The multi-part project stems from earlier work McCracken and colleagues performed while analyzing the sea star microbiome. The group found a 1,200-fold increase in the presence of Vibrio—a genus of bacteria commonly associated with numerous marine diseases in sea stars affected by wasting disease. They identified a likely culprit but found no definitive smoking gun.

McCracken will run a metagenomics test to identify all bacteria, including Vibrio strains, that significantly increase with SSWD signs. The study will also investigate how resilient sea star populations may be over time. However, sea stars are both hard to acquire, and hard to keep alive in the lab setting, prompting McCracken to use sea urchins as a model species instead.

“[Sea Stars and sea urchins] are both echinoderms, they have the same kind of immune cells and their immune systems function in much the same way,” he says. And sea urchins “also experience very similar kinds of disease outbreaks as the starfish.”

McCracken aims to test sea urchins’ short and long-term resilience to multiple environmental stressors to determine the potential for organisms to adapt, gain resistance, and eventually, to reestablish their populations. He will spawn sea urchin larva and expose them to higher water temperatures—both gradual increases and acute spikes to mimic natural events—and to a known larval pathogen. He will track which larva survive temperature increases, which survive the pathogen and, if any survive both stressors, determine if the selection of beneficial genes has occurred, suggesting adaptive potential. The results will help build a simulation showing how evolution could happen across generations.

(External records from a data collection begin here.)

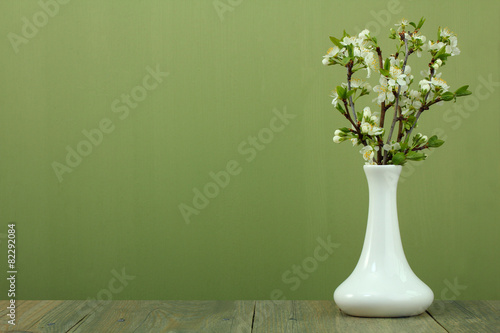 © Studio KIVI, Fototapeta premium branches of cherry blossoms in a vase on a wooden background
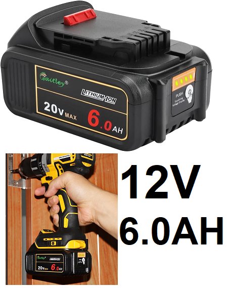 waitley Replacement Battery - Compatible with Dewalt MODELS - 12V - 6.0AH - BLACK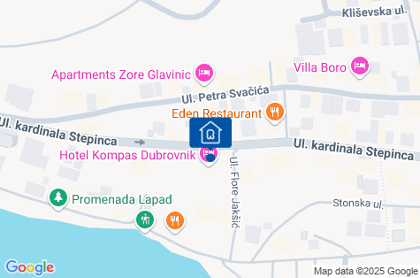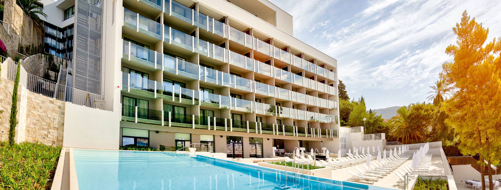 Hotel sa nachádza v malebnej zátoke Lapad s azúrovým výhľadom na Jadranské more, v blízkosti známej promenády s reštauráciami a obchodmi. Od Starého mesta je vzdialený 4 km. Transfer z letiska Dubrovník trvá približne 40 minút.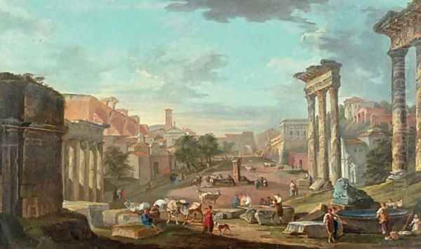 A capriccio of the Campo Vaccino with figures amongst ruins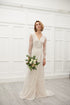 Embedded pearl lace with nude color lining. The wrap style with deep V creates a modern and elegant look for the bride who's seeking something romantic but st...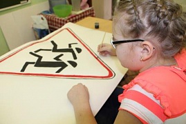 В поддержку специального проекта под руководством педагогов и сотрудников подмосковной Госавтоинспекции слабовидящие дети нарисовали дорожный знак «Дети», после чего сфотографировались с символом ответственного поведения на дороге и особого внимания к детям.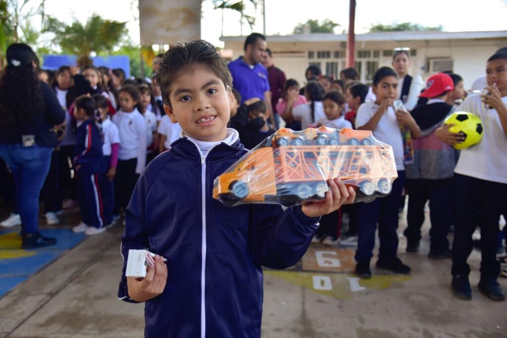 El Presidente Municipal compartió también una anécdota de su infancia, recordando que en su niñez los regalos eran sencillos, como canicas o balero, y celebró que hoy reciban obsequios que impulsan su alegría. Asimismo, reiteró su disposición de seguir como aliado de las escuelas y de toda la comunidad educativa desde el Ayuntamiento de Ahome, para respaldar gestiones y atender necesidades.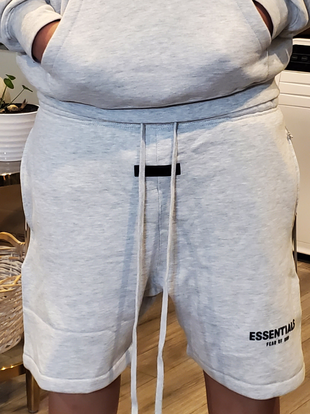 Selling a matching Essentials Fear of God hoodie and shorts set! The set is a light grey colour and is in great condition. Perfect for lounging around the house or running errands. The hoodie has the Essentials logo on the back, and the shorts have the logo on the front. Super comfy!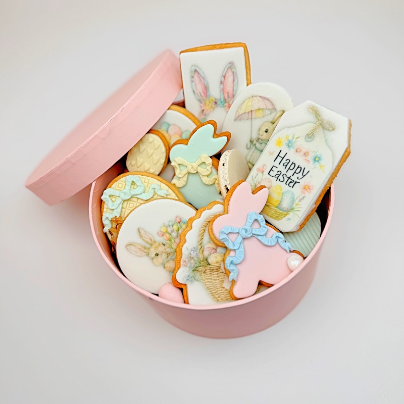 A stunning assortment of handcrafted and watercolor inspired treats, all beautifully decorated with Easter and springtime flair. Each box includes a delightful mix of printed sugar cookies, French macarons, cake truffles, alfajores, and strawberry-filled shortbread cookies.

It’s possible no advantageous genes will emerge—that the changes were simply too much, too fast. It’s also possible that certain traits that help individuals survive could be passed down to future generations.

Andrew McCracken looks out at the water of Lake Champlain

Andrew McCracken came to UVM because he wanted to use his skillset for good. He studies the impacts that humans have on wildlife and the ability for organisms to persist despite rapid global change. Photos by Bailey Beltramo.

For McCracken, who grew up along the coast of Maine, the outcomes of SSWD can be hard to think about. He was drawn to study biology and disease ecology because of changes he’s witnessed in the environment as habitats shrink and water temperatures rise.

“The marine environment is very, very fragile,” he says.

McCracken came to UVM because he wanted to do something that could help save it. He settled on using his skillset to assess the impacts that humans have on wildlife and the ability for organisms to persist on a planet undergoing rapid change.

“The goal in the end is to be able to predict the impacts of global change on marine ecosystems, identify at risk species, and learn from those that demonstrate resilience in our changing world,” he says.

This is the third in a four-part series on UVM graduate students awarded prestigious National Science Foundation Graduate Research Fellowships.